GameStop's Ownership Summary
With a short squeeze a possibility, I decided to look into the ownership of the company and see how hard it would be for shorts to cover. How many shares do you think are available?
I recently read about the experience major value investors had when shorting the stock of VW during the financial crisis. This experience (I highly encourage you to read about it here if you haven’t already) made me think of what would happen if Cohen released a new 13D filing this weekend. But absent Cohen picking up more shares, what does the current estimated ownership summary of GameStop look like? How might this ownership summary affect a short squeeze?
Ownership Summary:
I’ve been following GameStop for quite a while. After my initial article describing how I believe a short squeeze is a likely occurrence, I decided to get a feel for the market. After reading hundreds of tweets on StockTwits, along with many articles on Seeking Alpha and other sites, I’ve come to the conclusion that the short sellers absolutely hate the stock, while the long investors are banking on a short squeeze.
Now looking at the long-term feasibility of the company, if everything were to stay the same, I think short sellers are correct. This company may only have one more puff left in it, and that could be what the longs are currently riding right now. The real question is, will a squeeze make these short sellers feel the pain? Or will it likely not happen, and GameStop will just fall like it has time and time again? As the market can stay irrelevant longer than you can solvent, even the possibility of a squeeze can bankrupt shorts. For this reason, I decided to do a deeper dive into the current ownership summary at GameStop, to see if a short squeeze were actually a feasible reality.
I’ve included the ownership tables below. I’ve included only the largest shareholders in each of these brackets, as there were far too many for me to include. Most of this information comes from the June 30th filings, with some of the insider information coming from their most recent filings available:
After looking at this information for a few minutes, I’ve found something quite interesting that I think most shorts are missing. The only reason a squeeze has yet to occur is because there are people shorting the stock. I know this sounds weird, but the only reason there are shares to trade are because shorts are borrowing from major holders to sell on the market. The instant this stops, there won’t be any shares available to buy, causing the biggest short squeeze of all time.
Taking out any shares that would not require a filing with the SEC (so somewhat sure that these investors are still holding the stock), there are 15m shares available for shorts to purchase to cover.
With the short interest still at 57m (as of end of August), this would take a little over 4 days to cover, and that is assuming Ryan Cohen doesn’t file another 13D/A with the SEC this weekend (he may be taking a line from the Porsche playbook and will file the document this weekend as they did with VW in 2008, causing the shares to skyrocket on Monday). Even taking 4 days to cover their entire short position, this stock could skyrocket absent a filing from Cohen.
I’m expecting that Cohen will file his latest 13D if not today, then sometime this weekend if he is making a play to pick up the most shares possible in the shortest amount of time (which I’m also assuming that the 4.572m shares purchased right after close today was either him buying shares, exercising ITM Call options or a mixture of both), as he may have likely been picking up shares during the past two weeks. If he doesn’t file a new 13D, then the release of the Xbox preorder news on the 22nd of this month can also be a massive catalyst for this stock, perhaps culminating in a squeeze in and of itself.
Whatever happens, this amount of short interest will not end well. Even massive, well established short sellers are saying this is one of the stupidest short investments to make (See Thomas Barton’s Comments here). Any short seller at these levels is not taking adequate precautions. Emotion can overcome our logic both on the long and short side. The only problem with losing your logical frame of reference on the short side is that there is infinite loss. I’m hoping that shorts do have some hedges in place, as a run to the triple digits, although highly unlikely but not outside of the realm of possibilities, can bankrupt firms with even a 3% allocation.

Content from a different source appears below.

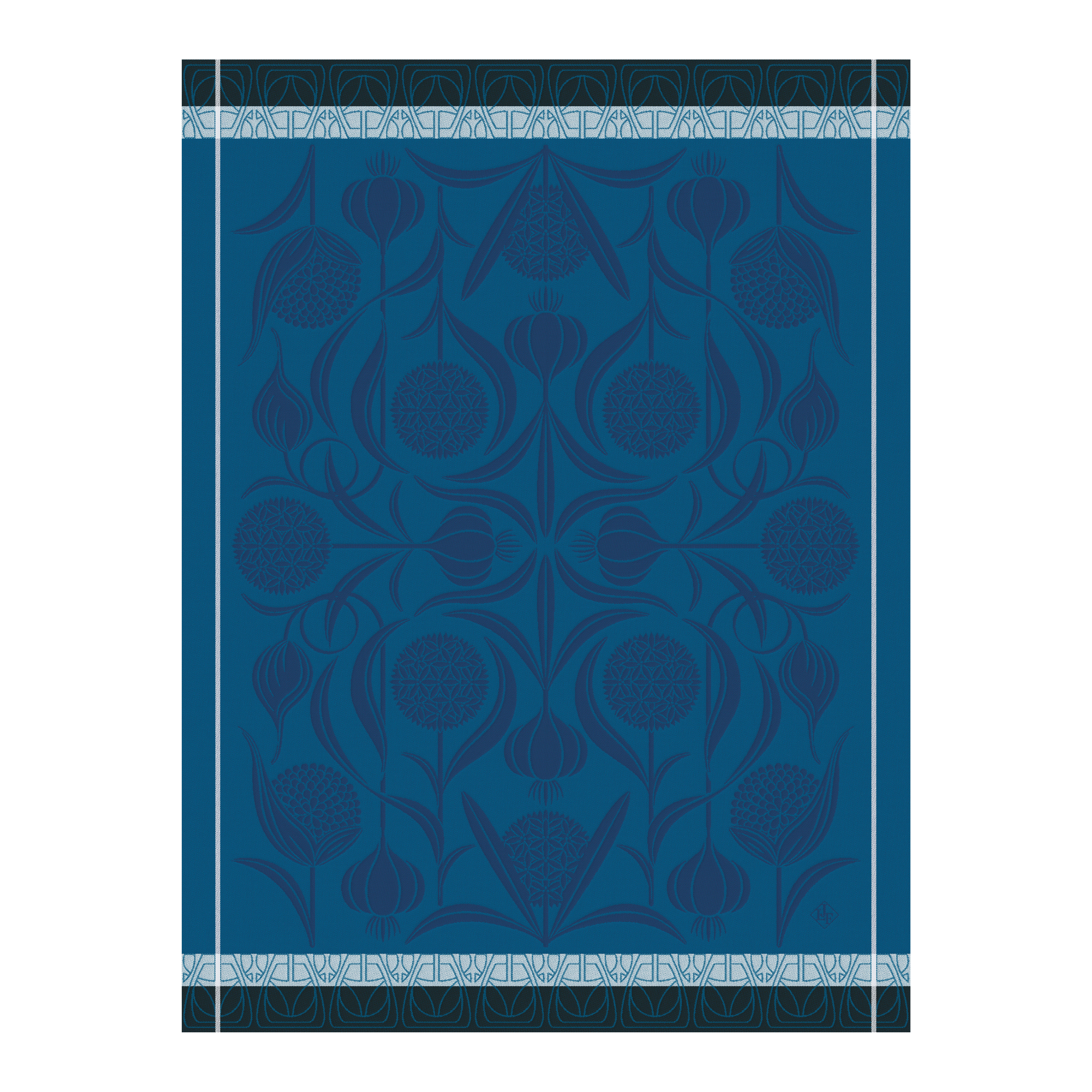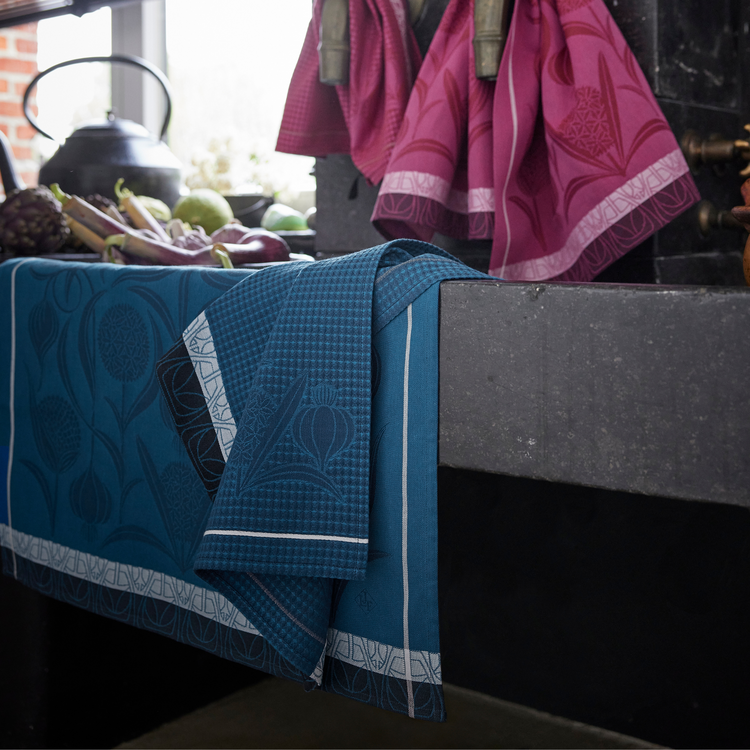 The Tea Towel l’Ail Blue is crafted from long-staple combed cotton with Jacquard weaving, finished with simple 1 cm / 0.39" hems. Its generous size of 60x80 cm and woven label make it practical for hanging in your kitchen while maintaining the luxurious quality expected from fine French table linens.

As for how I am currently positioned in this stock, both my investing partner and I have allocated 100% of our portfolio to GME Call options dated for October 16th through January 2021. We’ve also allocated a major share of our partnership to GME options as well as another major piece to GME shares. If this investment plays out, it could be a once in a lifetime opportunity, and if no catalysts materialize, we will still have some gains from the volatility spike that has been seen in recent days. I wish good luck to all others holding the stock, and hope that if a squeeze does occur, short sellers can be well hedged. As it currently stands, a short squeeze in this stock at this time will be one for the history books.